- Suresha in 2010
- Born: October 8, 1958 (age 67) Detroit, Michigan, USA
- Occupations: Author, editor
- Writing career
- Pen name: R. Jackson
- Period: late 20th/early 21st century
- Subjects: Bisexuality, Bear community
- Website: www.ronsuresha.com

= Ron Suresha =

American author and editor (born 1958)

Ron Jackson Suresha (born 1958) is an American author and editor of books centering on gay and bisexual men's subcultures, particularly the Bear community.

==Biography==
Ron Jackson Suresha was born on October 8, 1958, in Detroit, to Jack and Naomi Suresha. He attended the University of Michigan and Vista College.

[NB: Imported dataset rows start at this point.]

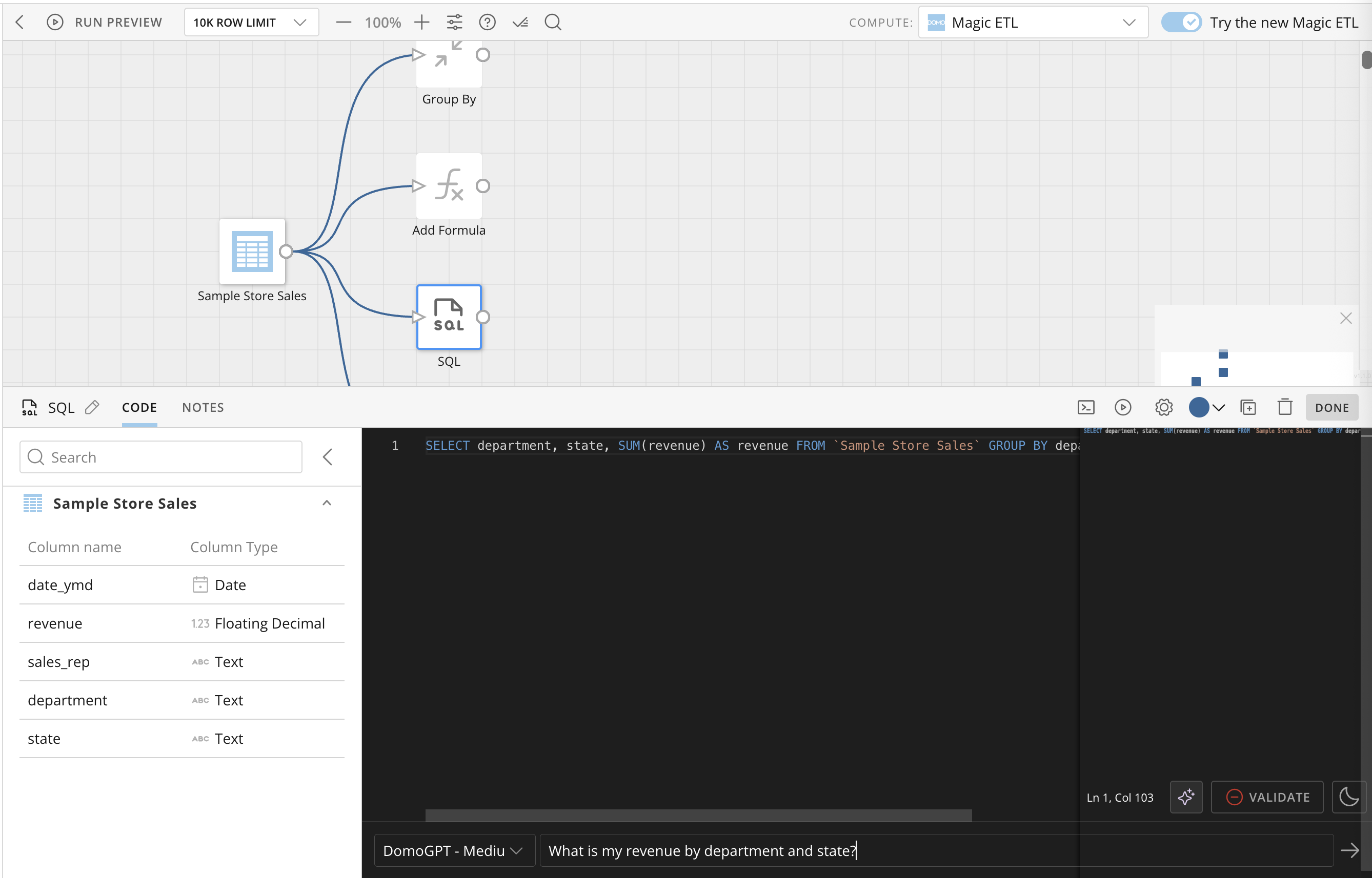 You can now use AI-powered text-to-SQL and text-to-formula capabilities throughout Magic ETL. These enhancements allow you to create complex queries and formulas by describing your needs in natural language and having the tiles transcribe them back to you.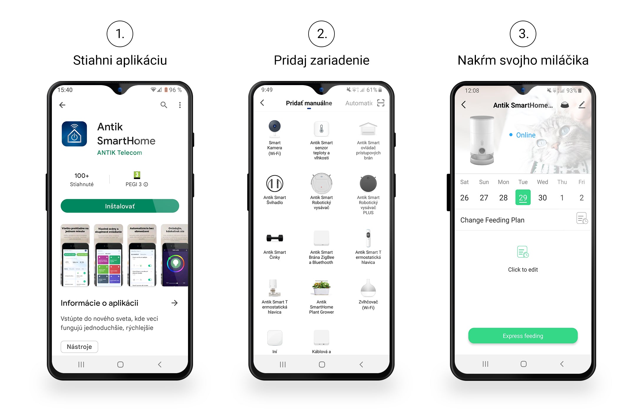 ANTIK SmartHome dávkovač potravy umožňuje naprogramovať plán kŕmenia vášho domáceho maznáčika prostredníctvom mobilnej aplikácie Antik SmartHome®. Môžete nastaviť čas, počet porcií a veľkosť porcie, čím zabezpečíte, že váš domáci miláčik dostane jedlo vždy načas, aj keď nie ste doma.
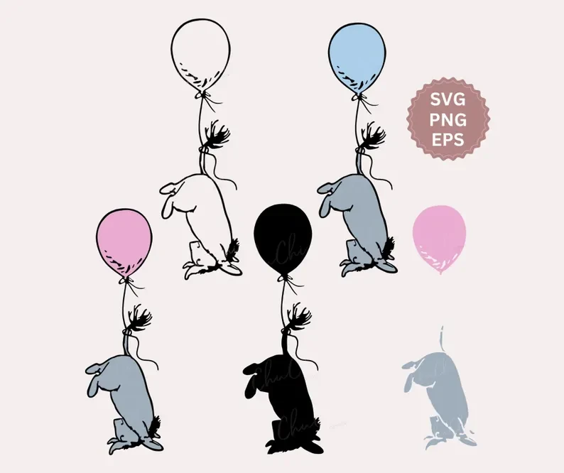 Item Details: This Classic Eeyore upside-down balloon SVG cut file features a playful design inspired by the timeless Winnie the Pooh stories. The illustration shows Eeyore gently hanging upside down from a balloon, creating a lighthearted and whimsical design perfect for Cricut craft projects.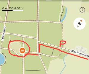 de Wiebiegenweg afrijden, auto parkeren aan bosrand, verder te voet, einde links, rechts. |
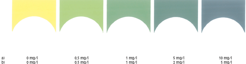 - Sau 5 phút, đối chiếu màu của dung dịch với bảng màu.
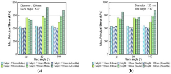 Maximum principal stress according to (a) iliac angle and (b) neck angle.
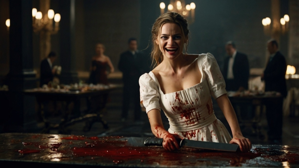 В этот момент в зал вбежал официант с шампанским. Увидел два трупа, лом, нож и Веру, которая прихорашивалась перед маленьким зеркальцем.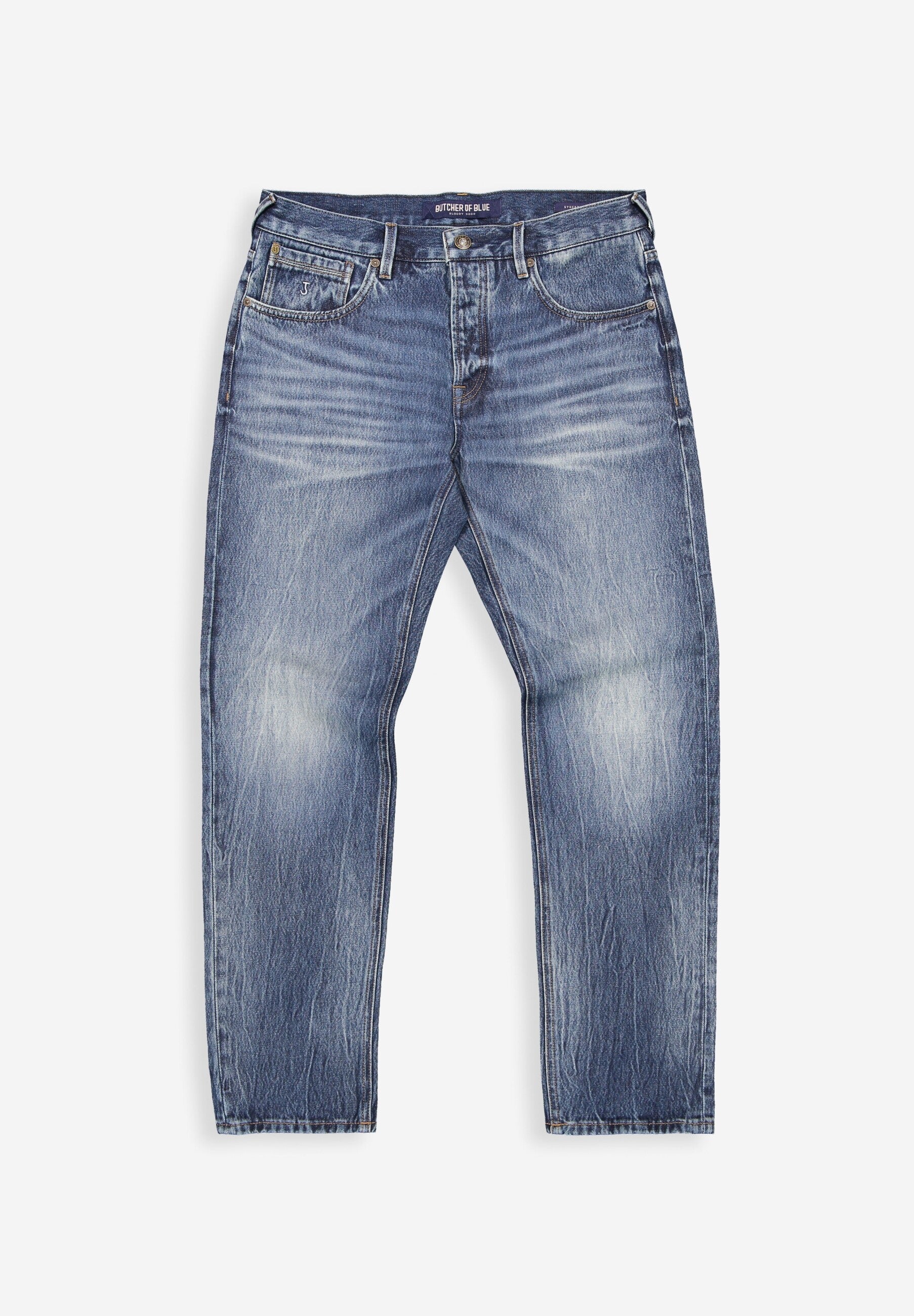 Uitgevoerd als klassieke 5-pocket jeans met stevige details zoals rivets en knopen in een matte staalafwerking. De subtiele branding zie je terug in de afwerking, zoals het stiksel op de zakken.

Suresha legally married Rocco Russo on October 10, 2004, in Provincetown, Massachusetts, then received a Connecticut civil union one year later. They lived until 2011 in New London, Connecticut and now live in New Milford, Connecticut, where Suresha serves as a Justice of the Peace. He has been an ordained minister of the Universal Life Church since 1975.

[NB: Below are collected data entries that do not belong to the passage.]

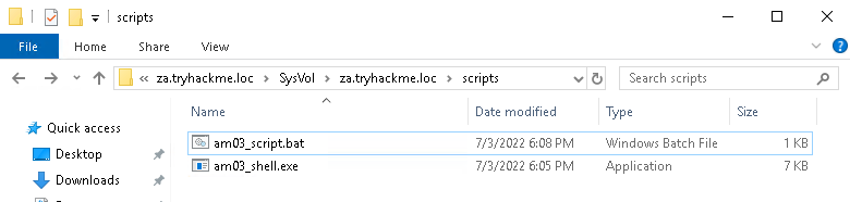 $thm scp am0_script.bat za\Administrator@thmdc.za.tryhackme.loc:C:/Windows/SYSVOL/sysvol/za.tryhackme.loc/scripts/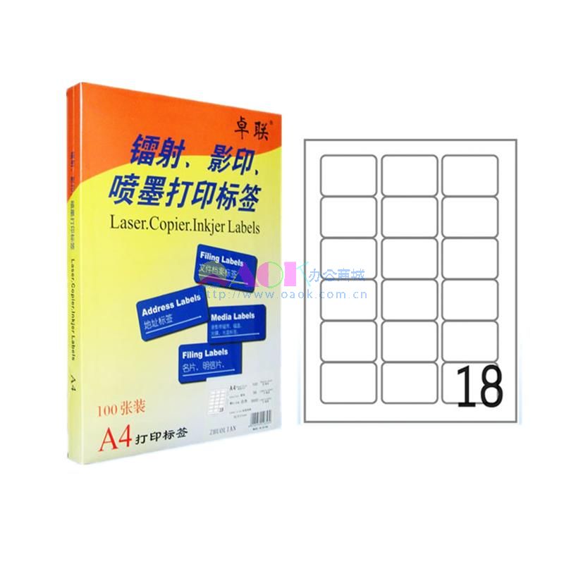 首页 > 办公用纸 > 打印纸 > 电脑标签打印纸 > 卓联100页打印标签 63.5*46.5mm ZL2818C黄底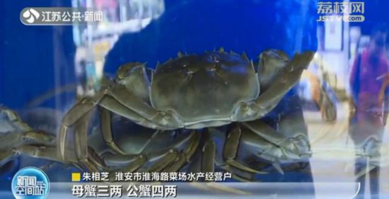 淮安市淮海路菜場水產(chǎn)經(jīng)營戶朱相芝說:“大的是公的半斤、母的四兩,價格120一斤;母蟹三兩、公蟹四兩一般價格70塊錢一斤,公蟹三兩、母蟹二兩五,這個價格50塊錢一斤,目前一天都在賣兩三百斤!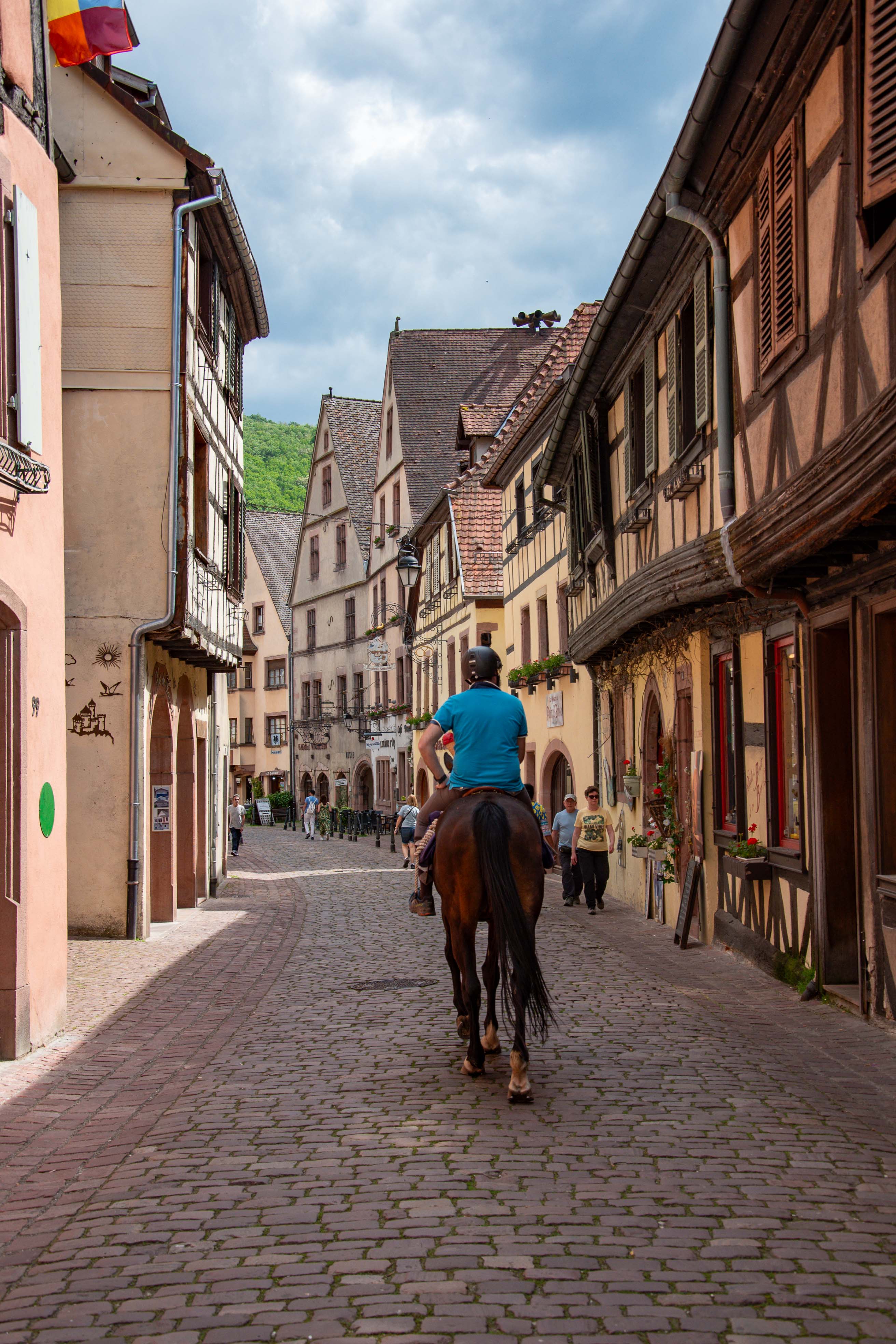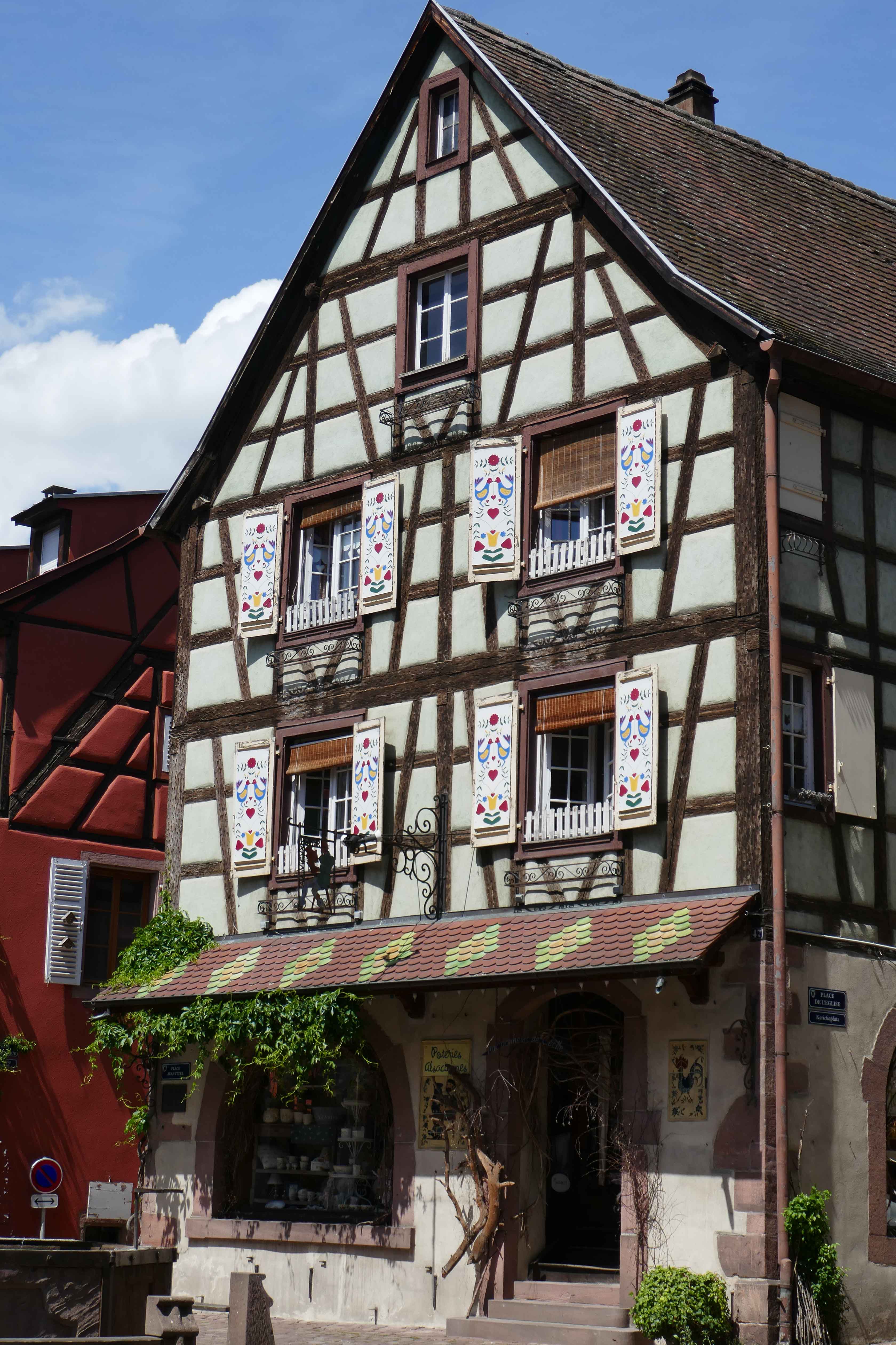 Zurück zum Auto, mittlerweile war die Luft schon leicht schwül und es zeichnete sich in der Ferne ab, daß es wohl in der nächsten Stunde zumindest regnen würde. Also, wir ins Auto und gen Equisheim gefahren. Die Entfernungen hier sind wirklich minimal, man ist innerhalb von 15 Minuten im nächsten wunderschönen Ort. Herrlich.

Suresha's nonfiction anthology, Bears on Bears: Interviews & Discussions (2002), includes 25 dialogues with 57 bear-identified men and bear-lovers from around the world, such as comedian Bruce Vilanch, porn model Jack Radcliffe, and Survivor star Richard Hatch. In the introduction, Suresha asserts that Bears on Bears is "the first interview book ... compiled primarily from online interactions" using online chat technology.

A bisexual-identified man and bi rights advocate, Suresha edited, with Peter Chvany, the nonfiction book Bi Men : Coming Out Every Which Way (2006). Suresha's two bisexual men's anthologies were named finalists in the 2006 Lambda Literary Award for Bisexual Literature.

In 2008, Suresha edited for Journal of Bisexuality a special issue commemorating the sexagennial (60th) anniversary of the publication of Sexual Behavior in the Human Male, commonly known as the Kinsey Report, as Bisexual Perspectives on the Life and Work of Alfred C. Kinsey, which was named a finalist in the 2008 Lambda Literary Awards in Bisexual Literature.

That year, Suresha cofounded Bear Bones Books, an imprint of LGBT publisher Lethe Press, which released a revised edition of his Bears on Bears, including five additional interviews. The imprint also reissued several men's fiction anthologies he edited under the pseudonym R. Jackson. In 2017, Suresha made Bear Bones Books an independent media outlet, reissuing several of his and other's books.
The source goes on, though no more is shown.